La brindisina, 28 anni da compiere, è vincitrice dell’ultimo concorso: “Ho realizzato un sogno, sono nipote d’arte perché mio zio Giancarlo è pompiere”. E’ una delle dieci ragazze su 400 candidati che hanno superato le prove

BRINDISI – E’ partita da Brindisi con il cuore gonfio di emozioni: voleva diventare vigile del fuoco e lo è diventata, Roberta Zullino, 28 anni da compiere. E’ stata destinata a Pavia, dopo aver vinto il concorso nazionale, ed è il primo vigile del fuoco donna che ha preso servizio a Pavia.

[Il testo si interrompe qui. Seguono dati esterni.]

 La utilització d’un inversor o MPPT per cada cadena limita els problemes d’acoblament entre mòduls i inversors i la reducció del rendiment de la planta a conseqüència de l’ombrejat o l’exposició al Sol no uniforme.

Lì nella lontana città della Lombardia ha iniziato a lavorare lo scorso 5 giugno, dopo essere riuscita a superare tutte le prove. Su 400 vincitori, dieci sono donne. Lei quella divisa l’ha vista e accarezzata da piccola maturando il sogno di poterla indossare: “Sono vigile del fuoco come mio zio Giancarlo”, racconta. E’ stata anche intervistata dai giornalisti delle testate locali incuriositi dal primato. Perché a Pavia vigili del fuoco donna prima di Roberta Zullino non ce ne sono state.

“E’ stato mio zio a dirmi che c’era il concorso e l’ho fatto”, continua dimostrando la determinazione di cui parla chi la conosce bene dai tempi della scuola. Dopo il diploma si è iscritta all’università degli studi di Bari, per frequentare il corso di Laurea in Economia. Lo stesso giorno della prova finale, avrebbe dovuto sostenere l’esame di Diritto Pubblico. “Per ora ho sospeso l’università, più avanti magari riprendo. Al momento mi sto dedicando al lavoro, arrivato dopo studi e sacrifici”.

Dure sono state le prove, dai quiz sino a quelle fisiche che richiedono notevole forza di volontà. E Roberta Zullino ha dimostrato di averne, stando ai punti assegnati: “In alcuni casi anche più degli uomini”. L’ultimo passo da compiere è nella direzione della specializzazione: “Per portare avanti l’eredità di mio zio, mi piacerebbe fare la specializzazione Saf, ovvero speleo-alpino-fluviale”.

A Brindisi ha lasciato gli affetti, c’è la sua granda famiglia, ci sono i genitori, il fratello minore e la sorella maggiore che l’ha resa zia di un piccolo ometto che le ha rubato il cuore. Gli zii, i cugini e  gli amici di sempre.